** Opening SOURCE DATA block **
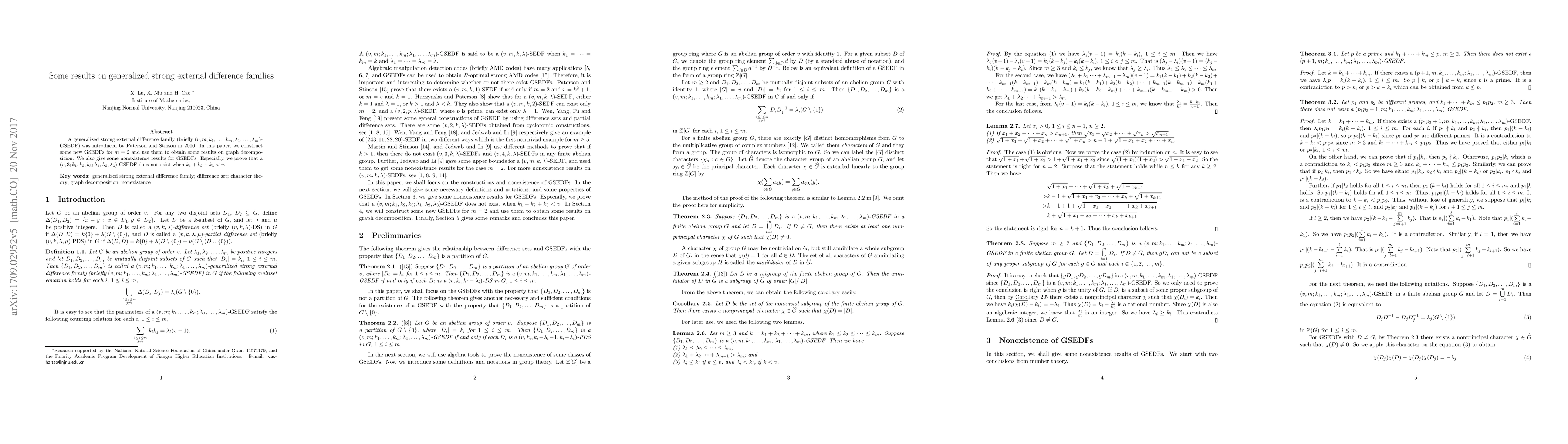 This paper constructs new generalized strong external difference families (GSEDFs) for $m=2$ and uses them to achieve results on graph decomposition, while also proving nonexistence results, specifically showing that a $(v, 3; k_1, k_2, k_3; \lambda_1, \lambda_2, \lambda_3)$-GSEDF does not exist when $k_1 + k_2 + k_3 < v$.
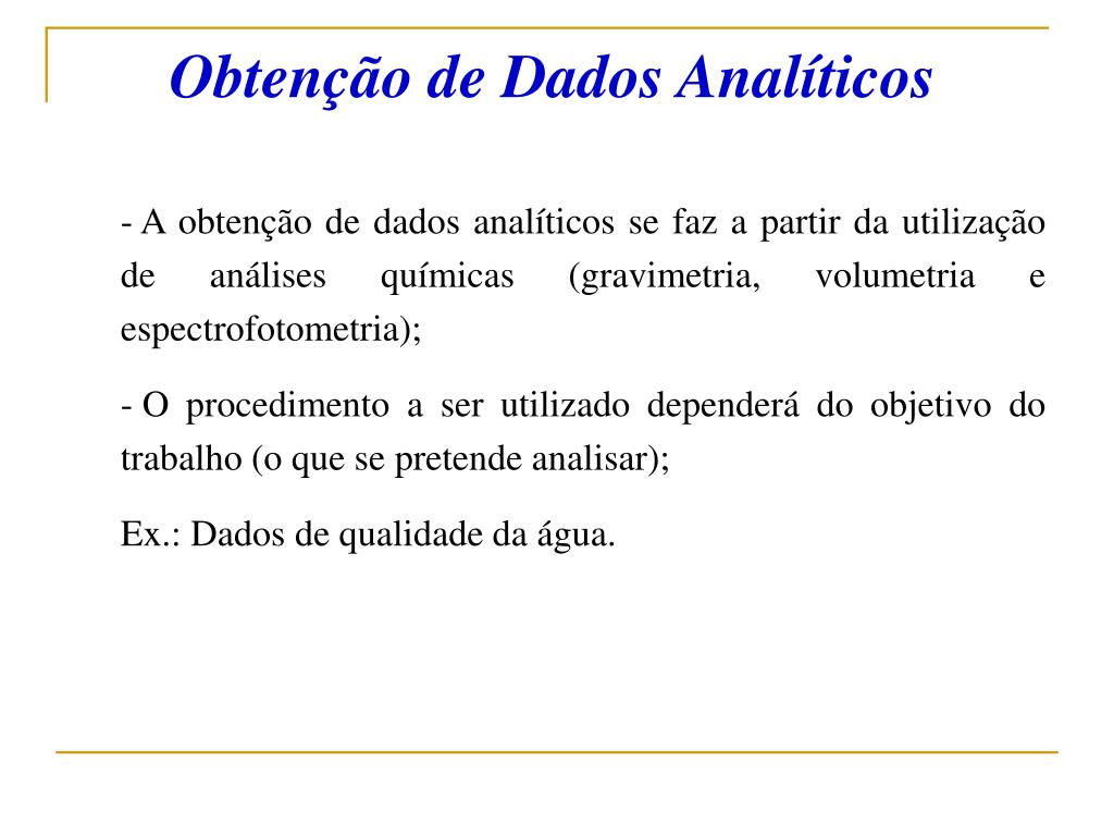 Obtenção de Dados Analíticos • A obtenção de dados analíticos se faz a partir da utilização de análises químicas (gravimetria, volumetria e espectrofotometria); • O procedimento a ser utilizado dependerá do objetivo do trabalho (o que se pretende analisar); • Ex.: Dados de qualidade da água.
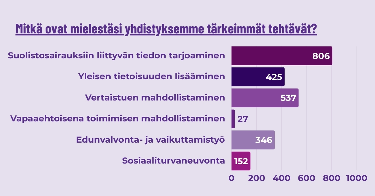 Jäsenkysely osoitti, että työmme suolistosairautta sairastavien eduksi on strategiamme mukaisella suunnalla. Kyselyn palautteet, toiveet sekä kiitokset ovat arvokasta antia, joka vie meitä yhdessä eteenpäin.
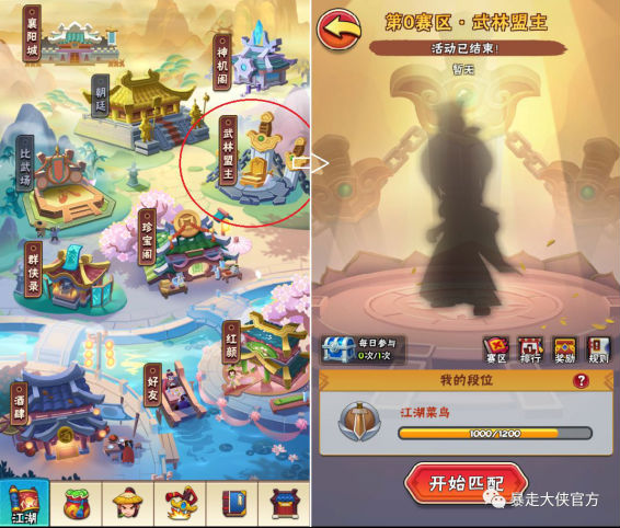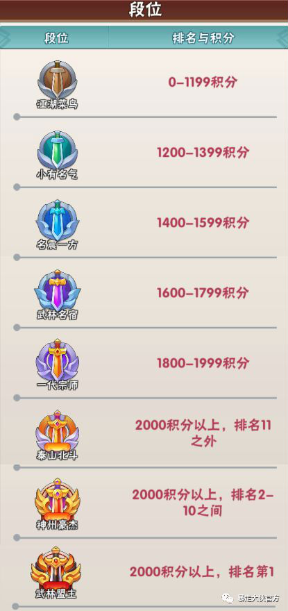 在战斗中取得更高的名次可以获得更多积分,通过累积积分来达到更高的段位。当积分达到2000分以上,前10名的玩家还会有相应的排名段位,二至十名的玩家为【神州豪杰】段位,位列第一的玩家,将会荣获【武林盟主】段位。
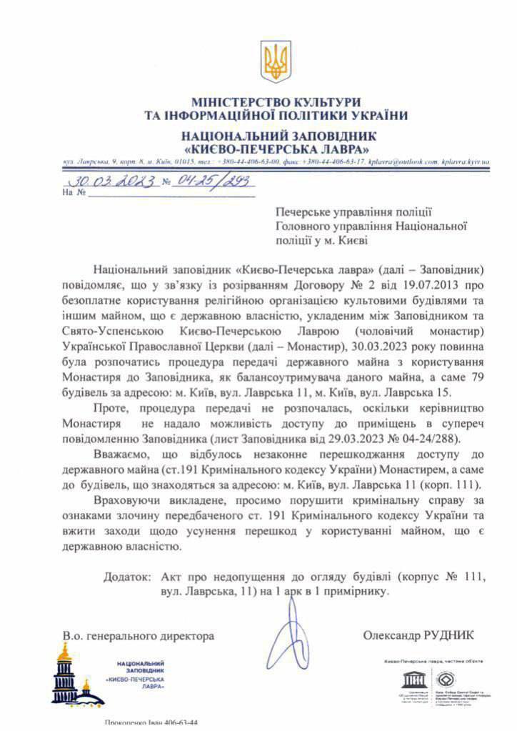 Также исполняющий директора Лаврского заповедника написал заявление в полицию с просьбой поспособствовать устранению препятствий по использованию заповедником имущества монастыря.
** Closing SOURCE DATA block **
> [PROBLEM TO WORK ON]: Print exactly the lines from the first line of the records above through the line containing "在战斗中取得更高的名次可以获", both included, and leave the pictures out.

> [RESPONSE TO THE TASK]:
 This paper constructs new generalized strong external difference families (GSEDFs) for $m=2$ and uses them to achieve results on graph decomposition, while also proving nonexistence results, specifically showing that a $(v, 3; k_1, k_2, k_3; \lambda_1, \lambda_2, \lambda_3)$-GSEDF does not exist when $k_1 + k_2 + k_3 < v$.
 Obtenção de Dados Analíticos • A obtenção de dados analíticos se faz a partir da utilização de análises químicas (gravimetria, volumetria e espectrofotometria); • O procedimento a ser utilizado dependerá do objetivo do trabalho (o que se pretende analisar); • Ex.: Dados de qualidade da água.
 Jäsenkysely osoitti, että työmme suolistosairautta sairastavien eduksi on strategiamme mukaisella suunnalla. Kyselyn palautteet, toiveet sekä kiitokset ovat arvokasta antia, joka vie meitä yhdessä eteenpäin.
 在战斗中取得更高的名次可以获得更多积分,通过累积积分来达到更高的段位。当积分达到2000分以上,前10名的玩家还会有相应的排名段位,二至十名的玩家为【神州豪杰】段位,位列第一的玩家,将会荣获【武林盟主】段位。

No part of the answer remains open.